Data:
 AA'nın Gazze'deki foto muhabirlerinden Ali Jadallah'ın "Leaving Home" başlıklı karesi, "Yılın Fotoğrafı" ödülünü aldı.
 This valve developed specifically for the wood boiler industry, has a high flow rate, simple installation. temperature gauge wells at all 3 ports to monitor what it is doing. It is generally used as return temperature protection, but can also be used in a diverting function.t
* * *
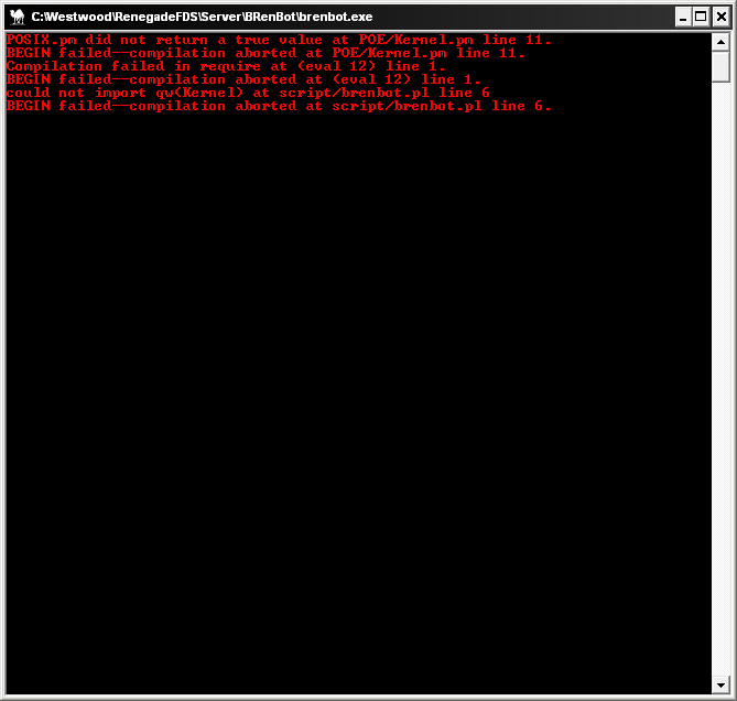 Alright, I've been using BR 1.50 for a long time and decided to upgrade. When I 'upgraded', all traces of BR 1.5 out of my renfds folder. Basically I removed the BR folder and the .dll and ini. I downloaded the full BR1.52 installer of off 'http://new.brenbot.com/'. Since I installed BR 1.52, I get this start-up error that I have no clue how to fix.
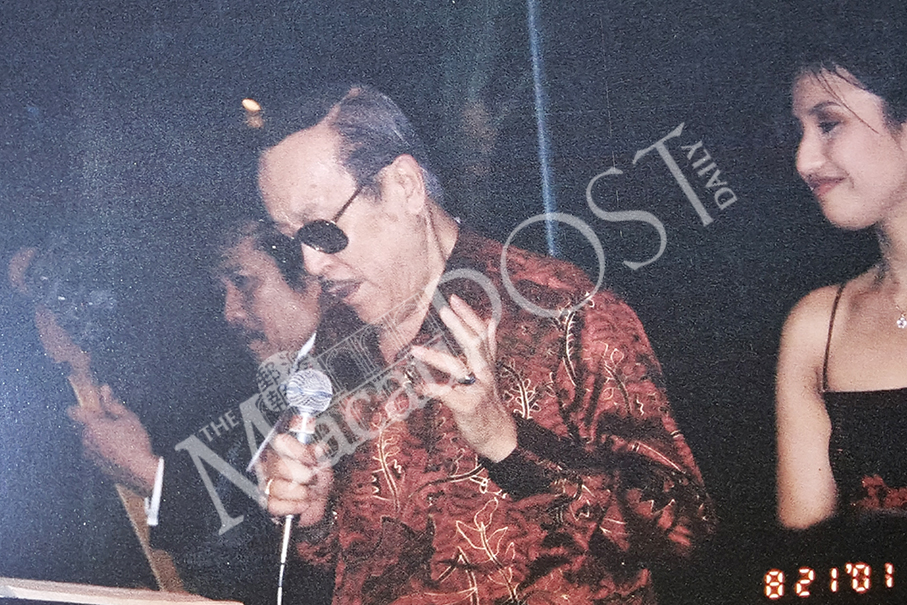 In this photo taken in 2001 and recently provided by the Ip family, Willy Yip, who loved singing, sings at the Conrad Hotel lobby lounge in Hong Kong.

What you will do:
Repeat exactly, and only, the entries from the line with "Alright, I've been" through the line with "In this photo". Pictures are skipped.

Answer:
 Alright, I've been using BR 1.50 for a long time and decided to upgrade. When I 'upgraded', all traces of BR 1.5 out of my renfds folder. Basically I removed the BR folder and the .dll and ini. I downloaded the full BR1.52 installer of off 'http://new.brenbot.com/'. Since I installed BR 1.52, I get this start-up error that I have no clue how to fix.
 In this photo taken in 2001 and recently provided by the Ip family, Willy Yip, who loved singing, sings at the Conrad Hotel lobby lounge in Hong Kong.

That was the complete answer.